1 . Отождествление субъекта и объекта. Трактат III 8 весь посвящен тому, что мы называем, по примеру латинских переводчиков, интеллигенцией, то есть отождествлением субъекта и объекта в одном неделимом целом. Если бы мы захотели допустить некоторого рода вольность, мы могли бы сказать, что такое отождествление субъекта и объекта является не чем иным, как личностью. Ведь это только личность, с одной стороны, существует объективно, то есть является разновидностью объективного бытия; и, с другой стороны, она есть самосознание в той или иной его степени, то есть она есть именно субъект. Однако навязывать эту терминологию Плотину, который нигде не учит о личности как о таковой, было бы слишком смелым и антиисторическим предприятием. Своим указанием на личность мы только хотим засвидетельствовать то простое единство субъекта и объекта, которое понимается каждым человеком, даже не учившимся философии. Пусть это тождество субъекта и объекта не будет у Плотина личностью. Но зато после нашего указания на понятие личности станет вполне осязаемым тот путь, на котором можно обрести тождество субъекта и объекта.
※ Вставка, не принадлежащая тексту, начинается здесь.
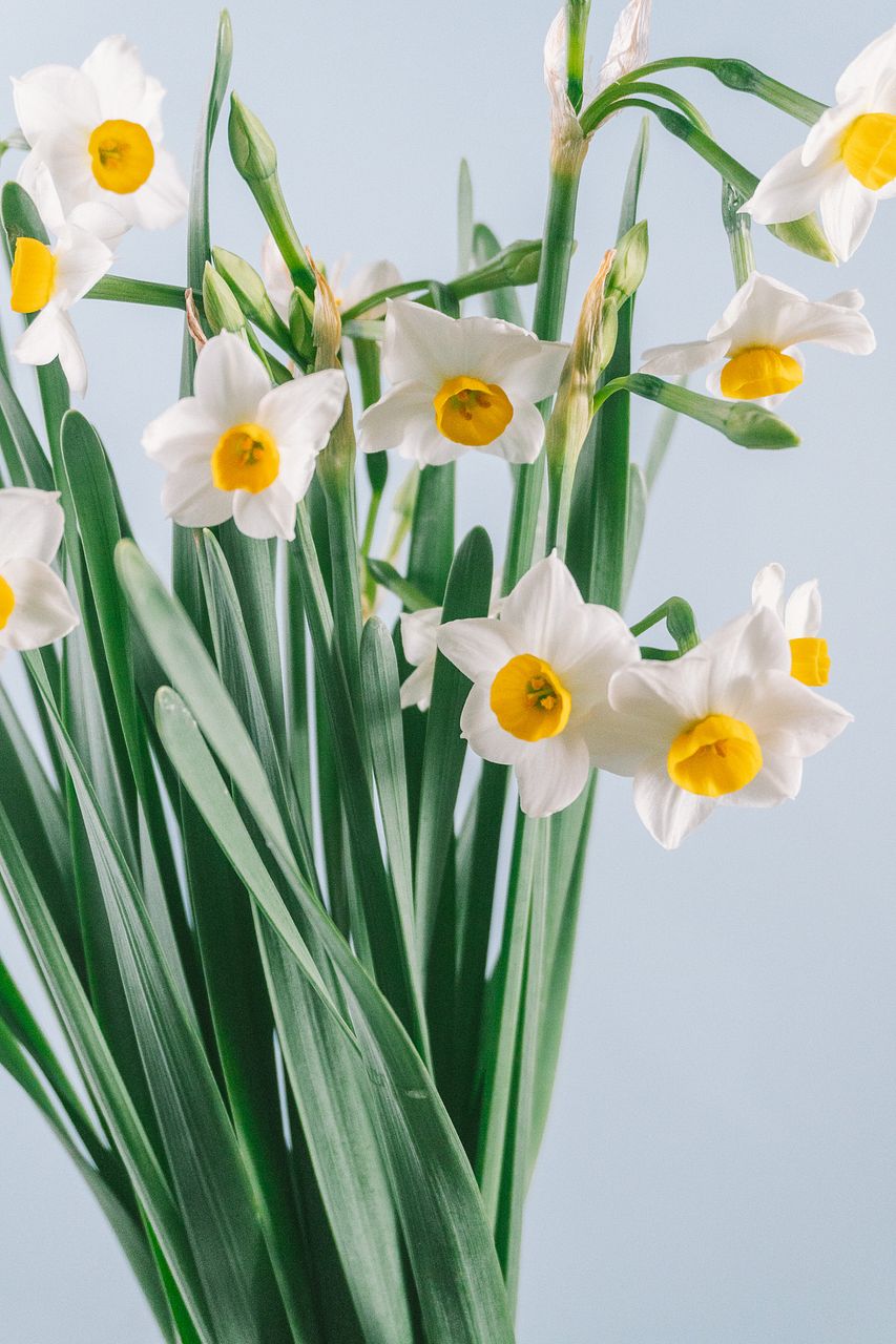白い花びらと黄色の芯が印象的なスイセンのブーケ。
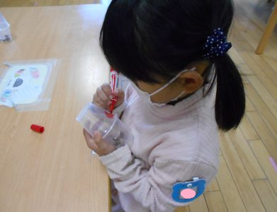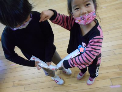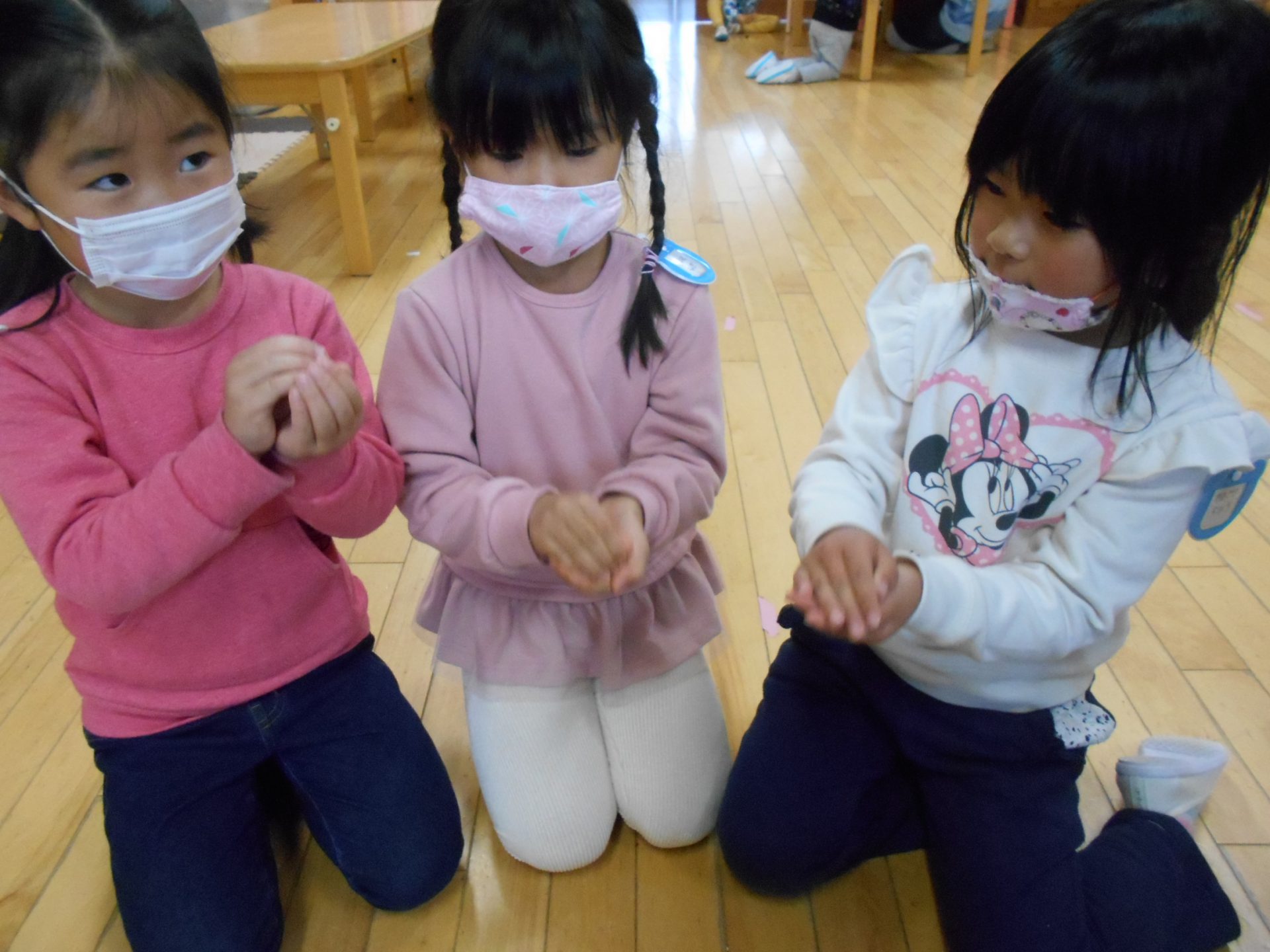 そのうちに、手の中に隠してわらべ歌遊びをしたり、マラカスを作ってミニコンサートをしたり、どんぐりケーキを作ったり等、様々な遊びを思いつき、楽しみました。

Однако очень важна чисто античная сторона подобного тождества у Плотина. Оказывается, что подобного рода тождество обязательно содержит в себе творческий момент, потому что и объект и субъект с античной точки зрения всегда есть нечто подвижное и нечто стремящееся к новому. Поэтому нет ничего неожиданного в том, что такого рода тождество субъекта и объекта Плотин понимает как творческое начало. Как личность всегда может творить то или иное, так и интеллигенция, в которую она входит, не может не содержать в себе творческого начала.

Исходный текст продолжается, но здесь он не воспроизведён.